- Lankaran Uprising: Part of Red Army invasion of Azerbaijan
| Date | July 1920 – February 1922 |
| Location | Astara, Lerik, and Lankaran, Azerbaijani SSR, Soviet Union |
| Result | Soviet victory |

Belligerents
- Russian SFSR Azerbaijani SSR: Azerbaijani guerrillas

Commanders and leaders
- Mikhail Levandovsky Matvei Vasilenko Anatoli Gekker Anastas Mikoyan: Yusuf Cemal Bey Najafgulu Khan Shahveran Ahmed Khan Atakhan Rashid Khan
- Units involved: Red Army 11th Army (until 1921); Naval Forces

Strength
- At least 3 regiments; 1 cruiser ship; 2 destroyer ships; 5 transport ships;: At least 10 detachments

Casualties and losses
- At least 196 killed; At least 153 wounded;: Unknown

= Lankaran Uprisings =

Armed uprisings in Azerbaijan against the Bolsheviks

The Lankaran Uprisings (Lənkəran üsyanları) were a series of several armed uprisings in the southern districts of Azerbaijan against the Soviet regime starting from July 1920. The early attempts of rebellion were successful, bringing crushing blows upon the local Soviet forces and taking control of many districts in the southernmost districts of the Azerbaijani SSR. But additional Soviet forces were sent to the region via Baku in 1921 and the guerillas couldn't compete with the Soviet naval support from the Caspian Sea. Two more uprisings were commended until 1922, when the Soviet authority finally got full control of the region.

== Background ==
The region is located in the southernmost territories of Azerbaijan, and apart from Azerbaijanis, had a Talysh and Russian population. From 1918 to 1919, the region was the place for the Mughan clashes, between the newly formed Azerbaijani forces, backed by the Caucasian Army of Islam of the Ottoman Empire, and accompanied by the local Talysh volunteers, and the members of the Russian White movement, with the aid of the self-proclaimed Mughan Soviet Republic. The clashes resulted in an Azerbaijani–Talysh victory and Azerbaijani retook the region's control. The Bolsheviks invaded Azerbaijan in April 1920 and formed the Azerbaijani SSR. According to Mehman Suleymanov, the Muslim population of the region was agitated by the Soviet authorities' policies against the local traditions and customs.

== Uprisings ==
The uprising commended in July 1920, and had become widespread by September. The uprising was mainly carried out by seven large detachments. The largest of the detachments was led by the ex-Ottoman officer Yusuf Cemal Bey, who remained in Azerbaijan after the fall of the Azerbaijani Democratic Republic, as well as Najafgulu Khan and Shahveran. It is estimated that the total number of rebels was approximately between six and ten thousand. Yusuf Cemal Bey's detachment carried out operations in the south, while Najafgulu Khan's detachment operated in the north of Lankaran. Yusuf Cemal Bey's detachment first captured Şahağac, Təngərud and Səfidar. The Soviet militia group based in the territory of Zuvand District (now Lerik) was destroyed by Shahveran's detachment. The main driving force of the uprising, which expanded around Astara in early September 1920, was Ramazan's detachment. Another detachment, recruited and based in the Şuva, was led by Gudrat Mollaagha Oglu. Until the end of 1920, the rebel forces inflicted a number of heavy defeats on the Soviet forces in various parts of the region. In December, Yusif Jamal Bey's detachment cleared Astara of the Soviets and headed for Lankaran. Yusif Jamal Bey's advance could be stopped only by the joint efforts of the 245th Soviet Regiment stationed around Lankaran, and by Soviet warships in the Caspian Sea.

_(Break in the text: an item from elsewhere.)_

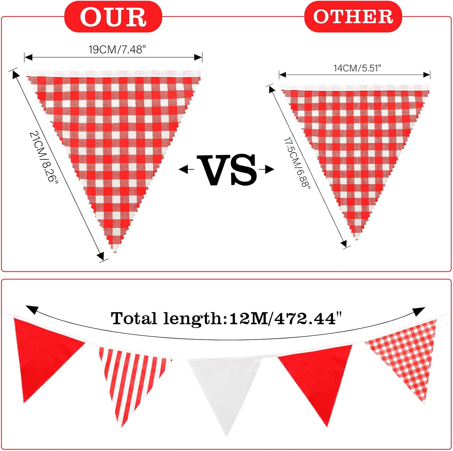 【Molto ben fatto】 La ghirlanda in tessuto è ben realizzata con un tessuto bello e robusto. . Su entrambe le estremità della ghirlanda sono cuciti robusti nastri per appenderla. 【I colori sono belli e forti】 La catena di gagliardetti in tessuto è sufficientemente lunga a 12 metri, ha 42 gagliardetti (stampati su un lato) nei colori rosso e bianco e i gagliardetti sono sempre colorati alternativamente. Che ci siano abbastanza gagliardetti lungo tutta la lunghezza. 【Catena di gagliardetti riutilizzabile】I gagliardetti sono realizzati in tessuto e sono anche abbastanza robusti, possono essere facilmente puliti in lavatrice. Colori vivaci, bellissimi gagliardetti adatti ad ogni occasione, molto adatti per decorare la stanza, feste o per la fotografia. Facile da fissare: a sinistra e a destra c'è abbastanza corda (circa 0,5 metri su ciascun lato) per fissare correttamente la stamina. Bellissimi gagliardetti come decorazione per la cucina, sul letto dei bambini o ai matrimoni. 【Adatto per ogni occasione】 La ghirlanda in tessuto è adatta a molte cerimonie, come Natale, feste di compleanno e feste di beneficenza, estremamente perfetta per le camerette dei bambini. Può essere utilizzato come parte di un tea party o di una decorazione di nozze. Ottima decorazione per feste di compleanno per bambini, cerimonie scolastiche, feste all'asilo

To prevent further escalation, the 11th Army Command dispatched the 248th and 249th Infantry Regiments, the cruiser Rosa Luxemburg, the destroyer Pruitki, the Kursk, and five additional transport ships with landing parties on board to the region. Once the forces dispatched from Baku reached the region, they were divided into two tactical groups and dispatched to attack the rebel forces that had taken control of the territory between Lankaran and Astara. One group deployed south from Lankaran and the other north of Astara. The 1st Cavalry Regiment and other military units in the region were to accompany these tactical groups. According to the tactical plan of advance to defeat the rebels, all of the Soviet forces in the region were to organize a group advancing south from Lankaran, and forces arriving from Baku, having come ashore, were to organize a group advancing north from Astara. Despite the strategic advantages, the forces arriving from Baku failed to break through to the shore on December 23. The rebel forces countered the attack and repulsed the Soviet forces. However, the rebels had no means of withstanding the long-range guns of the Soviet ships, and constant naval bombardment forced them to retreat. Soviet forces, actively employing naval artillery, captured and strengthened their positions in the coastal strip between Lankaran and Astara. On December 25, the Soviet forces were able to retake control of the Lankaran and Astara regions.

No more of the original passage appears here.